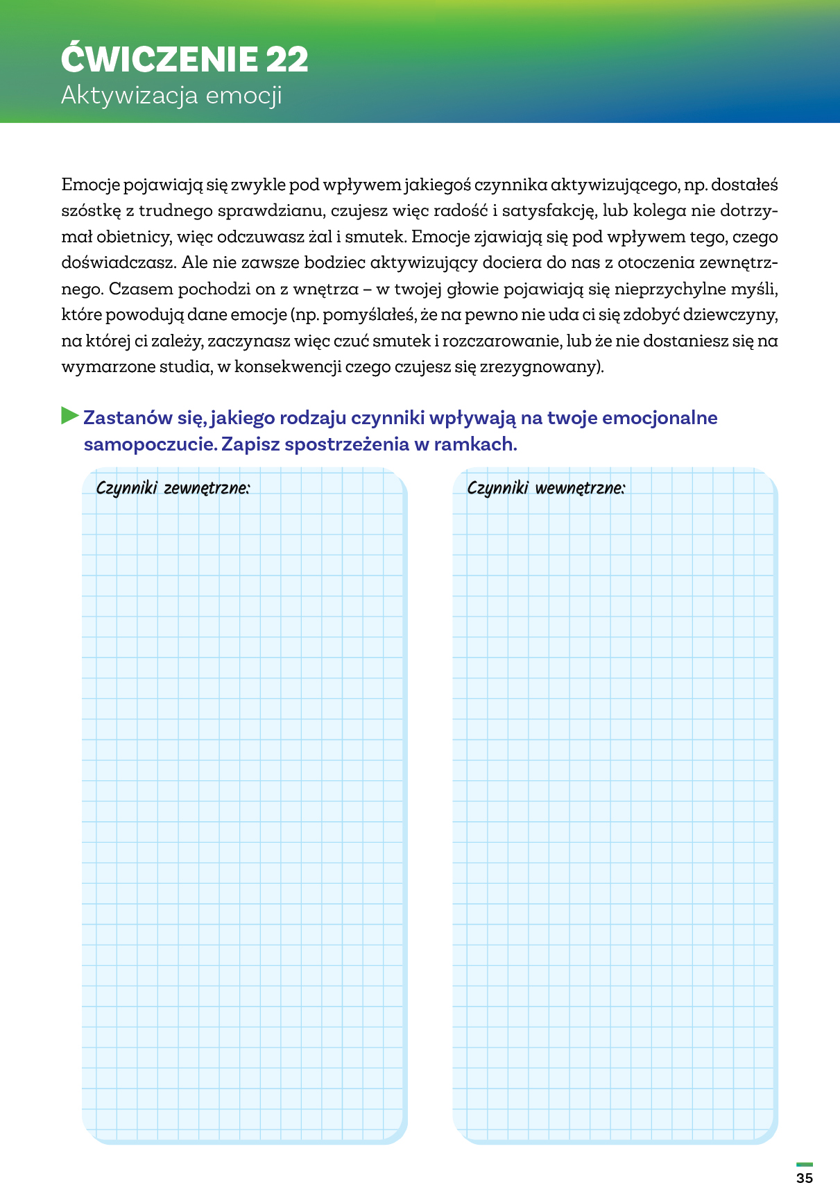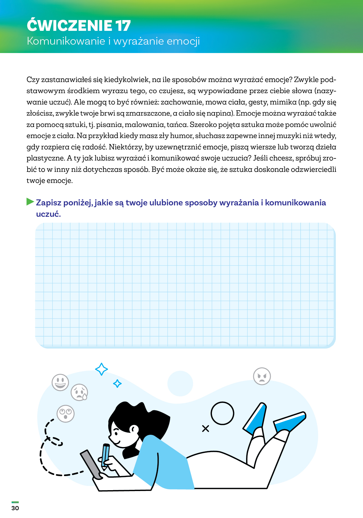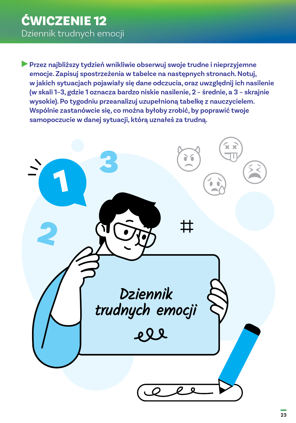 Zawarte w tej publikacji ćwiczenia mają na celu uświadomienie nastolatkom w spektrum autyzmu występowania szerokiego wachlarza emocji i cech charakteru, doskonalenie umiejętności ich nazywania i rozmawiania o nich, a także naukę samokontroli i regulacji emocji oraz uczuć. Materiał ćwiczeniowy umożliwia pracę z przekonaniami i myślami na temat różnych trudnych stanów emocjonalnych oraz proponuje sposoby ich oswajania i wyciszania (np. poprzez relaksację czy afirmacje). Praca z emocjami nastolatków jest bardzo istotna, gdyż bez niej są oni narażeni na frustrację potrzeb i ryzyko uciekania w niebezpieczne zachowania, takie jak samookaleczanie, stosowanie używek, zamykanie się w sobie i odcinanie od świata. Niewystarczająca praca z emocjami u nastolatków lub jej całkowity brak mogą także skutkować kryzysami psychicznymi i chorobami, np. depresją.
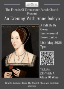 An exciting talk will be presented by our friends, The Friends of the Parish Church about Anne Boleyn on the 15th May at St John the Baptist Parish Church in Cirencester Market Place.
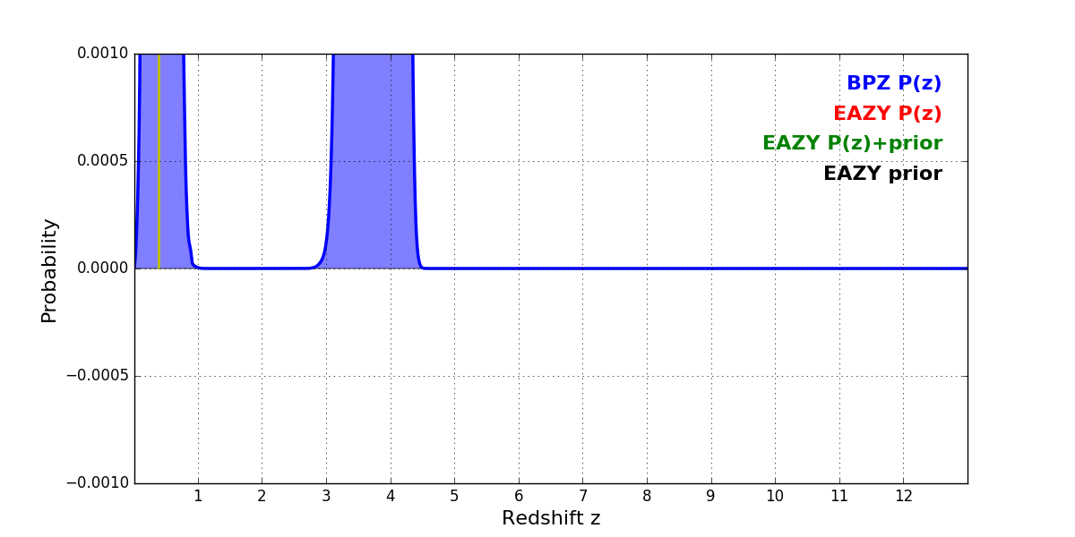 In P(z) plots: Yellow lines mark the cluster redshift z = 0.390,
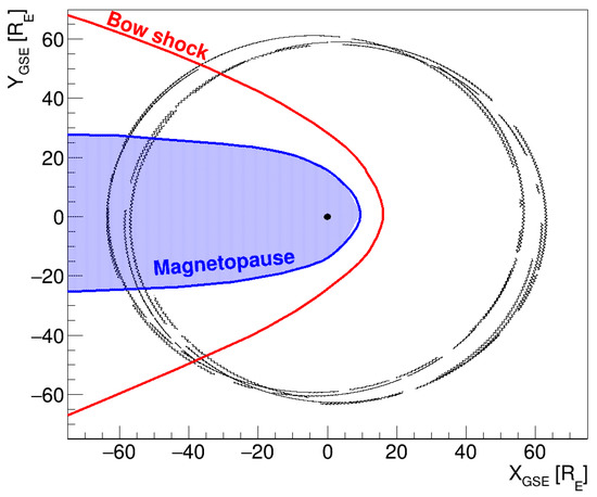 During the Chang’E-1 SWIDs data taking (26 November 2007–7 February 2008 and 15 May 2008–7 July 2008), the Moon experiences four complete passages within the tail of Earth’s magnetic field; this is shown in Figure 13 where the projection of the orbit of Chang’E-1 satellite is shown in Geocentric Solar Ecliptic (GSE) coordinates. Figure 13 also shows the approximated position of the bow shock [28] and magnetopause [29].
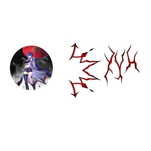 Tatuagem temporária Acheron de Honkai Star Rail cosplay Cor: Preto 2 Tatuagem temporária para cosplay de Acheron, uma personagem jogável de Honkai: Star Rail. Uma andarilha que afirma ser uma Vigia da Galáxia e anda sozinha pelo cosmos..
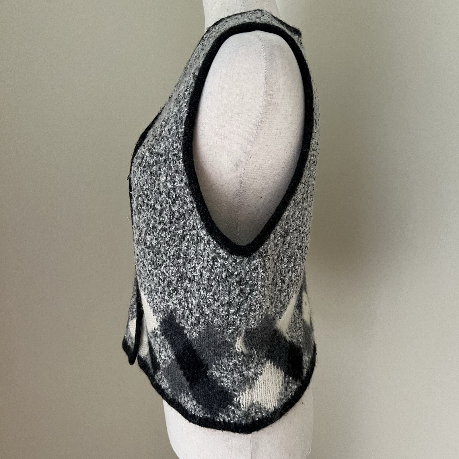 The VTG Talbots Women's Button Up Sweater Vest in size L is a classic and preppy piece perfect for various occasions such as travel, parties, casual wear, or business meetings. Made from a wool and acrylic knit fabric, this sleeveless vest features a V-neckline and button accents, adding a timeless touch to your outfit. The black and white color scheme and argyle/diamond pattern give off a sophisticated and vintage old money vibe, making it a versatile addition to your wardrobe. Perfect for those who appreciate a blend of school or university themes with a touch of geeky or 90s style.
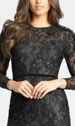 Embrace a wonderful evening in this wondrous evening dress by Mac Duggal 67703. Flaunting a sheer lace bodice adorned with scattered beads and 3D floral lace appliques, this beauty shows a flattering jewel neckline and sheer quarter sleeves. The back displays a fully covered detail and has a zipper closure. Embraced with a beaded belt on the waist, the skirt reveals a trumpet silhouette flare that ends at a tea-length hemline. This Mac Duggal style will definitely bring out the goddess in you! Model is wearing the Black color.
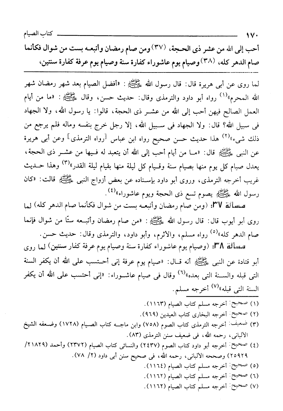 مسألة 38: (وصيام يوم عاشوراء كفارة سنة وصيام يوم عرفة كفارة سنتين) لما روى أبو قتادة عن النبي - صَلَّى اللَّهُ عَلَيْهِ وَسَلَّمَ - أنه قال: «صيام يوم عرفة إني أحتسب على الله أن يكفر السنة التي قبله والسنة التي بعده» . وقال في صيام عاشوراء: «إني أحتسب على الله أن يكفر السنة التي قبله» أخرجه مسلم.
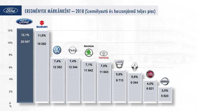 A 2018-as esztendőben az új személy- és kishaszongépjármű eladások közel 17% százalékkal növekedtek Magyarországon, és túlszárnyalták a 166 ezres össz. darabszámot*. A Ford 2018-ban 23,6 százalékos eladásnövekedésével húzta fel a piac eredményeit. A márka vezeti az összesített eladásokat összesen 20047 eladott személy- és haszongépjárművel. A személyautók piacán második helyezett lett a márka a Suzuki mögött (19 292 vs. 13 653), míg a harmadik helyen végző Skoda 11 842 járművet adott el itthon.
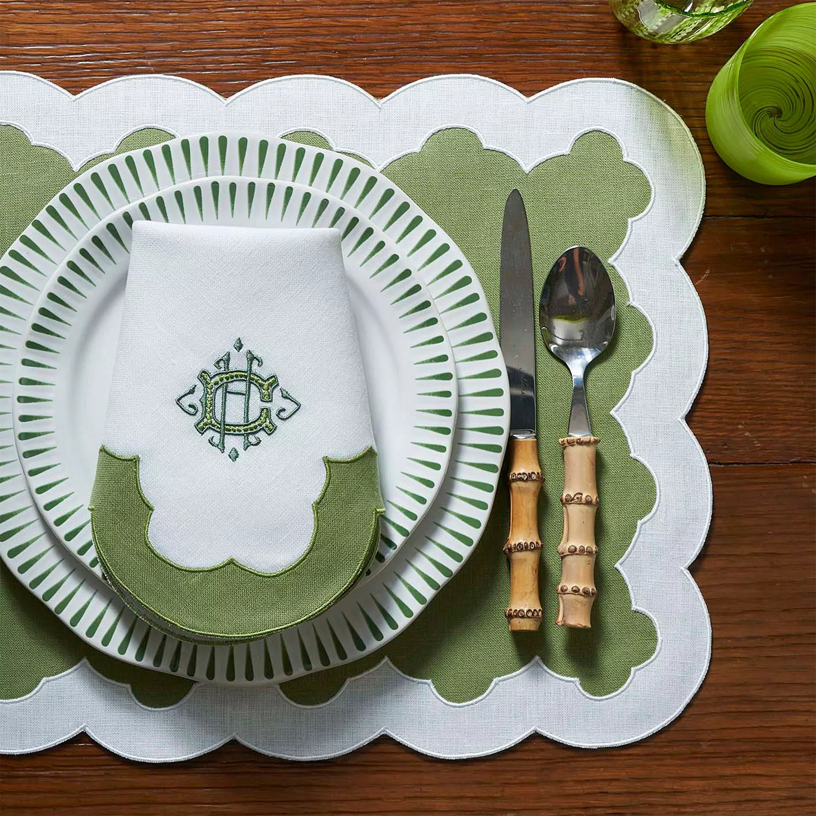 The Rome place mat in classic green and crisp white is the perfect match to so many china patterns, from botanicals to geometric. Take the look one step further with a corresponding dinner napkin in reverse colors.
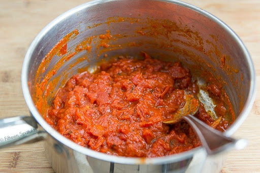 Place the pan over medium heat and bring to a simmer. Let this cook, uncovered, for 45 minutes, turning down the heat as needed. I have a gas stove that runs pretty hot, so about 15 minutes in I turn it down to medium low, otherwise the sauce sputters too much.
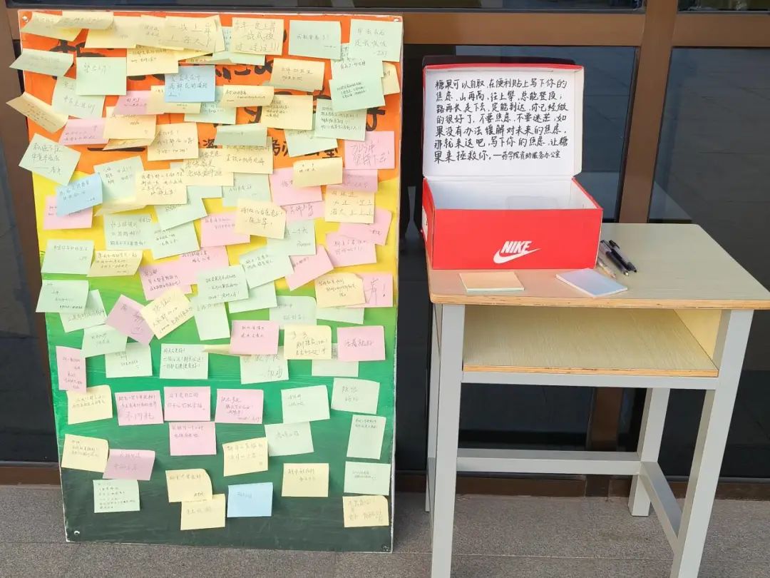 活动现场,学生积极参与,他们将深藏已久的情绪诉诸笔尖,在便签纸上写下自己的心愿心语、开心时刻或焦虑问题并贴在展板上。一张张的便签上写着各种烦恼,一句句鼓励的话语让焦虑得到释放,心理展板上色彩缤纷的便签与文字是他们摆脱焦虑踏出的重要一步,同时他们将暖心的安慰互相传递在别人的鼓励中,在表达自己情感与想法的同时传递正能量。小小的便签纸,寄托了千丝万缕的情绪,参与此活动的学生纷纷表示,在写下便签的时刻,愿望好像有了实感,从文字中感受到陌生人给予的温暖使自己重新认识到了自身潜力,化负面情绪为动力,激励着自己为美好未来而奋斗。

__Exercise details__
What is needed is a verbatim transcription of the records, minus the pictures.

__Completed task__
 Zawarte w tej publikacji ćwiczenia mają na celu uświadomienie nastolatkom w spektrum autyzmu występowania szerokiego wachlarza emocji i cech charakteru, doskonalenie umiejętności ich nazywania i rozmawiania o nich, a także naukę samokontroli i regulacji emocji oraz uczuć. Materiał ćwiczeniowy umożliwia pracę z przekonaniami i myślami na temat różnych trudnych stanów emocjonalnych oraz proponuje sposoby ich oswajania i wyciszania (np. poprzez relaksację czy afirmacje). Praca z emocjami nastolatków jest bardzo istotna, gdyż bez niej są oni narażeni na frustrację potrzeb i ryzyko uciekania w niebezpieczne zachowania, takie jak samookaleczanie, stosowanie używek, zamykanie się w sobie i odcinanie od świata. Niewystarczająca praca z emocjami u nastolatków lub jej całkowity brak mogą także skutkować kryzysami psychicznymi i chorobami, np. depresją.
 An exciting talk will be presented by our friends, The Friends of the Parish Church about Anne Boleyn on the 15th May at St John the Baptist Parish Church in Cirencester Market Place.
 In P(z) plots: Yellow lines mark the cluster redshift z = 0.390,
 During the Chang’E-1 SWIDs data taking (26 November 2007–7 February 2008 and 15 May 2008–7 July 2008), the Moon experiences four complete passages within the tail of Earth’s magnetic field; this is shown in Figure 13 where the projection of the orbit of Chang’E-1 satellite is shown in Geocentric Solar Ecliptic (GSE) coordinates. Figure 13 also shows the approximated position of the bow shock [28] and magnetopause [29].
 Tatuagem temporária Acheron de Honkai Star Rail cosplay Cor: Preto 2 Tatuagem temporária para cosplay de Acheron, uma personagem jogável de Honkai: Star Rail. Uma andarilha que afirma ser uma Vigia da Galáxia e anda sozinha pelo cosmos..
 The VTG Talbots Women's Button Up Sweater Vest in size L is a classic and preppy piece perfect for various occasions such as travel, parties, casual wear, or business meetings. Made from a wool and acrylic knit fabric, this sleeveless vest features a V-neckline and button accents, adding a timeless touch to your outfit. The black and white color scheme and argyle/diamond pattern give off a sophisticated and vintage old money vibe, making it a versatile addition to your wardrobe. Perfect for those who appreciate a blend of school or university themes with a touch of geeky or 90s style.
 Embrace a wonderful evening in this wondrous evening dress by Mac Duggal 67703. Flaunting a sheer lace bodice adorned with scattered beads and 3D floral lace appliques, this beauty shows a flattering jewel neckline and sheer quarter sleeves. The back displays a fully covered detail and has a zipper closure. Embraced with a beaded belt on the waist, the skirt reveals a trumpet silhouette flare that ends at a tea-length hemline. This Mac Duggal style will definitely bring out the goddess in you! Model is wearing the Black color.
 مسألة 38: (وصيام يوم عاشوراء كفارة سنة وصيام يوم عرفة كفارة سنتين) لما روى أبو قتادة عن النبي - صَلَّى اللَّهُ عَلَيْهِ وَسَلَّمَ - أنه قال: «صيام يوم عرفة إني أحتسب على الله أن يكفر السنة التي قبله والسنة التي بعده» . وقال في صيام عاشوراء: «إني أحتسب على الله أن يكفر السنة التي قبله» أخرجه مسلم.
 A 2018-as esztendőben az új személy- és kishaszongépjármű eladások közel 17% százalékkal növekedtek Magyarországon, és túlszárnyalták a 166 ezres össz. darabszámot*. A Ford 2018-ban 23,6 százalékos eladásnövekedésével húzta fel a piac eredményeit. A márka vezeti az összesített eladásokat összesen 20047 eladott személy- és haszongépjárművel. A személyautók piacán második helyezett lett a márka a Suzuki mögött (19 292 vs. 13 653), míg a harmadik helyen végző Skoda 11 842 járművet adott el itthon.
 The Rome place mat in classic green and crisp white is the perfect match to so many china patterns, from botanicals to geometric. Take the look one step further with a corresponding dinner napkin in reverse colors.
 Place the pan over medium heat and bring to a simmer. Let this cook, uncovered, for 45 minutes, turning down the heat as needed. I have a gas stove that runs pretty hot, so about 15 minutes in I turn it down to medium low, otherwise the sauce sputters too much.
 活动现场,学生积极参与,他们将深藏已久的情绪诉诸笔尖,在便签纸上写下自己的心愿心语、开心时刻或焦虑问题并贴在展板上。一张张的便签上写着各种烦恼,一句句鼓励的话语让焦虑得到释放,心理展板上色彩缤纷的便签与文字是他们摆脱焦虑踏出的重要一步,同时他们将暖心的安慰互相传递在别人的鼓励中,在表达自己情感与想法的同时传递正能量。小小的便签纸,寄托了千丝万缕的情绪,参与此活动的学生纷纷表示,在写下便签的时刻,愿望好像有了实感,从文字中感受到陌生人给予的温暖使自己重新认识到了自身潜力,化负面情绪为动力,激励着自己为美好未来而奋斗。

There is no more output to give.